If she was being truthful, though, Stella had to admit the job wasn’t all she’d hoped it would be. She missed the bartenders she’d worked with before; they had been close, almost like a family. And what Stella wanted more than anything in the world was a family.

At Spanky’s, even though she offered a shoulder to cry on and felt comfortable with her employees, she was still at a distance from them, having to think of the bottom line before anything else. And, of course, the girls would never see her as “one of them”. She felt that some of them probably harbored some resentment towards her, deep down, for being a woman and not having to dance for drinks.

There had been a time in Stella’s life when she’d seriously considered doing so. She had a nice body; with ample, C-cup breasts, long legs, and a generous bottom, she had never lacked for male attention – even when she didn’t want it, which was most of the time. Her auburn hair and blue eyes didn’t help matters much. She’d had to fend off more hungry suitors than she cared to remember, and had never fully trusted a man to want anything except a roll in the hay and a story to brag to his friends about.

She’d been with four men, none of who had cared to stick around after a month or two. Sometimes, she wondered if this was because she could only keep the smile in her eyes for so long before her truer self, sad and desperate for love, began to show.

But never before had a man made her feel the way she imagined men felt about her: pure, unadulterated lust – until that night. Until Tuck. He crept back into her brain, unwelcome and unwanted but still there. He’d caught her so off-guard, made her feel…vulnerable.

A knock at the door jolted Stella from her thoughts, and she blushed even though she was alone. Rolling her chair over, she opened the door just wide enough to see who waited outside. It was Junior, but someone stood behind him.

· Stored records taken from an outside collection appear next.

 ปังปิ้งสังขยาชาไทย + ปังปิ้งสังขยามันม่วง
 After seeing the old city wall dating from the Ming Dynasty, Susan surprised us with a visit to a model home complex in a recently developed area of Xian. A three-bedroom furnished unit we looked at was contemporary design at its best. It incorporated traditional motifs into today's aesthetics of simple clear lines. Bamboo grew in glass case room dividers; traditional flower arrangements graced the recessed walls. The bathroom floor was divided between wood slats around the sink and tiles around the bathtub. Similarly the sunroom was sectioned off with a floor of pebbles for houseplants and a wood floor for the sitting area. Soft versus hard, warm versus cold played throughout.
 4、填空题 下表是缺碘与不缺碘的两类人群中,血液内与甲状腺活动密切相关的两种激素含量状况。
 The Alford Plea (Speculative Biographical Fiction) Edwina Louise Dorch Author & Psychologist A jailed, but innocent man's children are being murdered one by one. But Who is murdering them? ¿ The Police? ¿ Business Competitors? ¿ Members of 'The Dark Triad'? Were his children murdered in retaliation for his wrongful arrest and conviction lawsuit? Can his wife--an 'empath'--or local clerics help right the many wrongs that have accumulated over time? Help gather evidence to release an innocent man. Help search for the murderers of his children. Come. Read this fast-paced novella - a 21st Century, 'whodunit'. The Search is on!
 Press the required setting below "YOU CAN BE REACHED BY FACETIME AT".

“What’s up?” she asked, immediately on guard. Years of essentially taking care of herself, and being wary of unwanted advances, made her nervous when she didn’t have a firm grasp on a situation. The fact that someone else was in the bar when it should have been just her and Junior made her stomach tighten slightly. But it only tightened more when she stood to open the door fully and saw that it was Tuck standing behind him. He was smiling affably enough, but those green eyes held a constant threat – or promise – of seduction.

“Homeboy here says he lost his wallet. Anyone turn anything in?” Junior asked, pointing with his thumb over his shoulder.

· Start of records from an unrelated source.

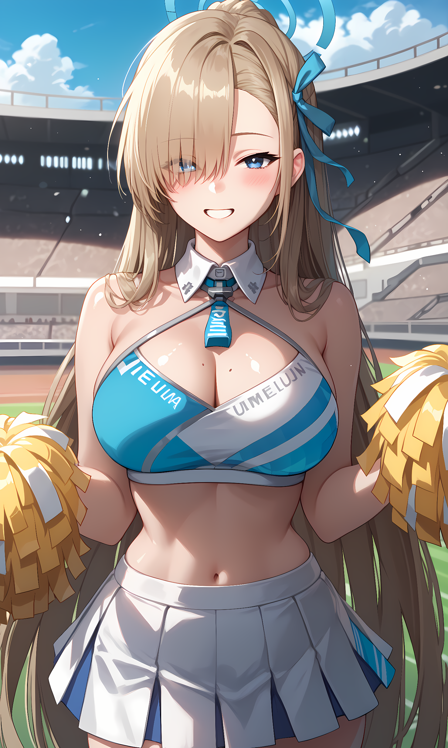 外观:ichinose_asuna,蓝眼睛,金发,长发,头发遮住一只眼睛,单发髻,光环
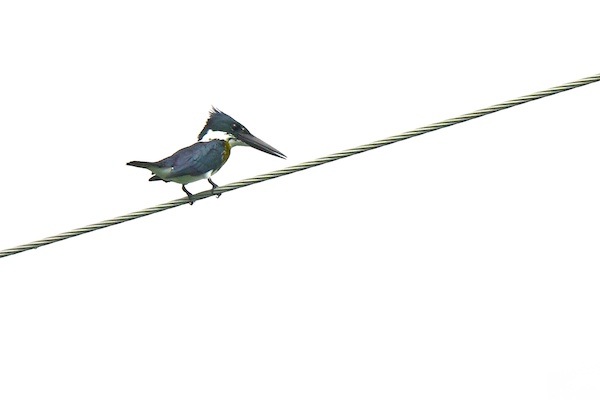Ein Eisvogel sitzt auf einer Stromleitung, glücklicherweise mussten wir nicht aussteigen, um ihn zu fotografieren. Der vorüber brausende Verkehr macht den Vögeln nichts aus, sobald jedoch ein Auto anhält und die Passagiere aussteigen, fliegen sie davon.
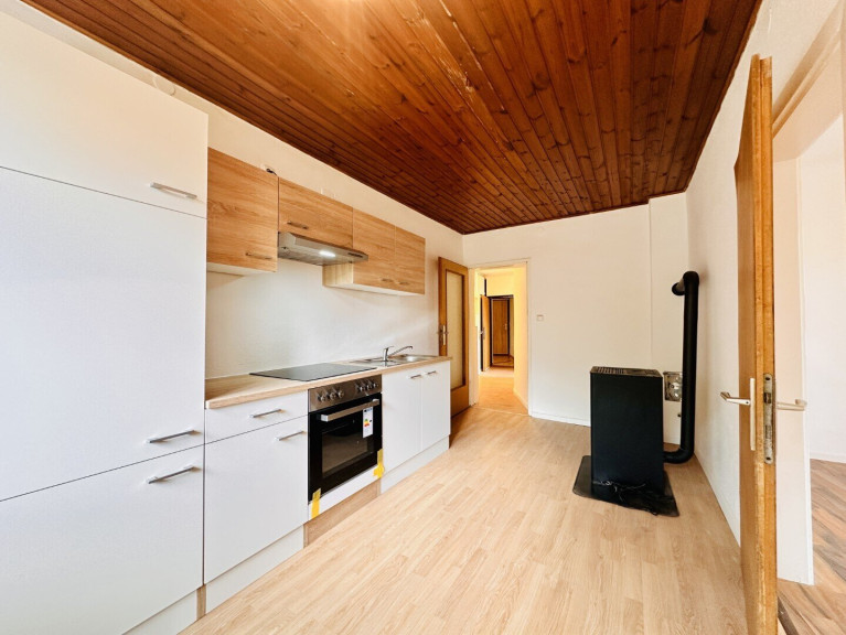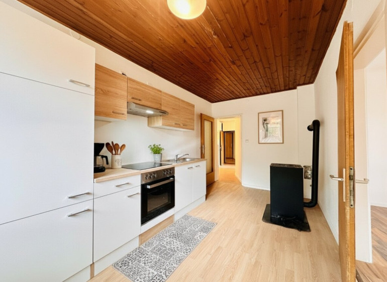 Fliesen, Laminatboden, Gas, Heizofen, Zentralheizung, Einbauküche
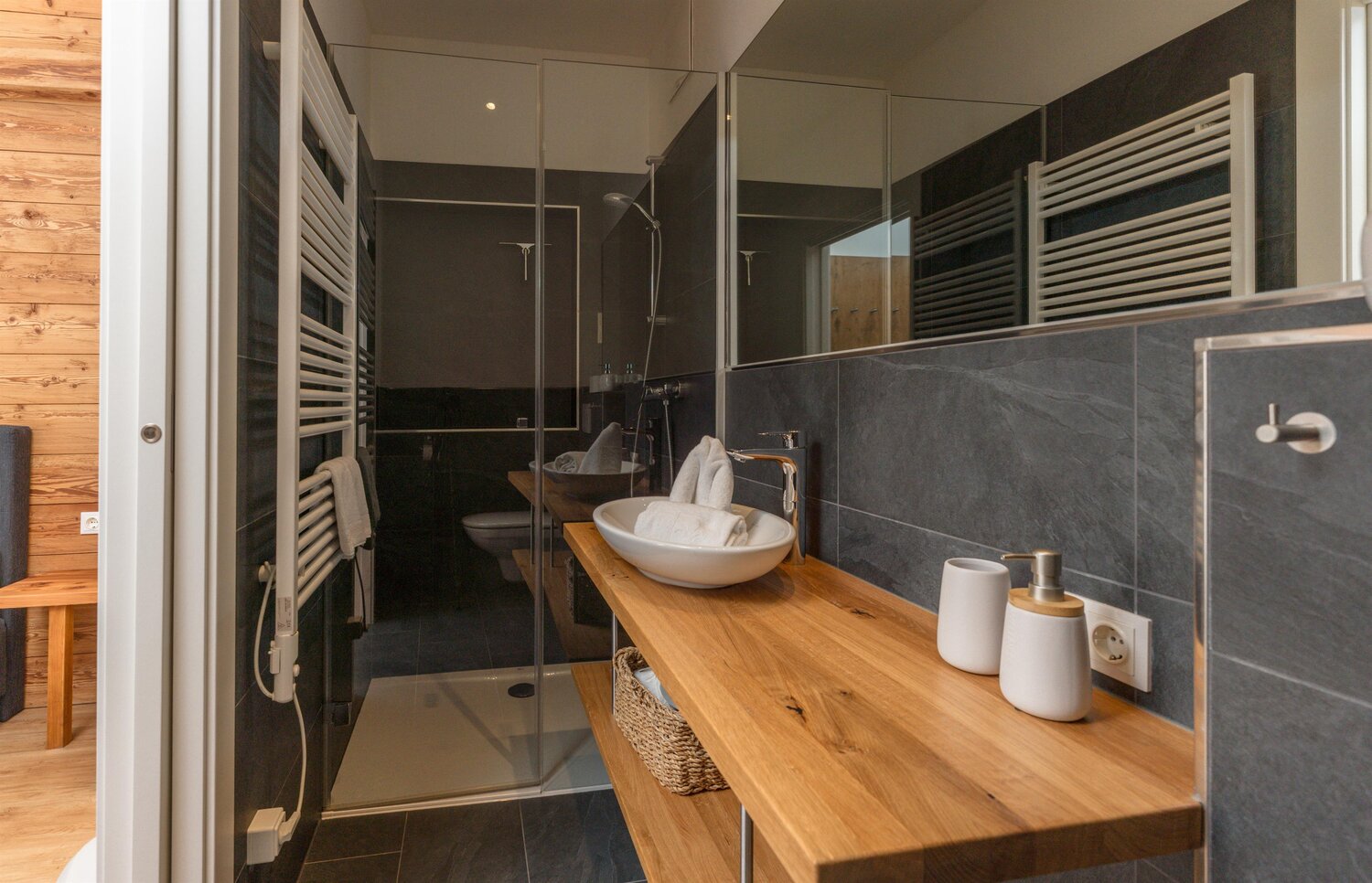 Zwei modern ausgestattete Ferienwohnungen bieten alpinen Stil mit Wohlfühlcharakter. Heimische Materialien, viel Licht und klare Linien schaffen ein gemütliches Ambiente. Das Appartement Top 1 verfügt über eine eigene Terrasse mit kleinem Garten und Ausblick auf die umliegende Bergwelt.

“Oh,” Stella said, trying to save face. She’d just been having thoughts about him. Not the most innocent of thoughts, either. To see him again in the flesh was a jolt to her system. “Um, not here. You can check around the bar if you want.”

“Already did,” Tuck said, that honeyed voice making her heart twinge. “Nada.”

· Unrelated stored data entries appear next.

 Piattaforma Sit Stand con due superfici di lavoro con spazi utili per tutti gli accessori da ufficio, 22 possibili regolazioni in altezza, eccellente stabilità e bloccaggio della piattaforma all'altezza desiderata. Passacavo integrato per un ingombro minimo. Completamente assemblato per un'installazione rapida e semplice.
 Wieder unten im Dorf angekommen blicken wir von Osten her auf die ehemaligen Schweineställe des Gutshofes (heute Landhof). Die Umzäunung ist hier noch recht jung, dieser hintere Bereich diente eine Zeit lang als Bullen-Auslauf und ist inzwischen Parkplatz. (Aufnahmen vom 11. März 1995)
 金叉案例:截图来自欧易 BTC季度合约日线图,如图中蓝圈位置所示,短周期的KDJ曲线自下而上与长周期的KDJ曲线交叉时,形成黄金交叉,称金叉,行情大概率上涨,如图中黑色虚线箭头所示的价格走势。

“Sucks,” Stella said with a shrug she hoped was nonchalant enough. “Maybe the parking lot?”

“Maybe,” Tuck said, seeming nonplussed about the whole thing. Which reminded Stella…he hadn’t pulled that twenty out of a wallet. Her eyes narrowed.

“Well,” she said. “Sorry we can’t help you.”

“No problem,” Tuck said, giving her a shrug that seemed, more than anything, to be a response to the one she’d given him moments ago. “It was worth the trip back just to see you again.”

Stella flushed, taken aback by his boldness. The grin on Junior’s face widened, and he looked back at the biker in disbelief before turning back to Stella, eyebrows damn near lifted to his hairline.

“Uh,” Stella stuttered, but before she could find a reasonable response, he’d turned.

“Gonna let me out, friend?” he called to Junior, who turned on his heel with one last open-mouthed glance at Stella. She sank back into her chair, red and warm all over, until she heard the sound of the front door closing once more.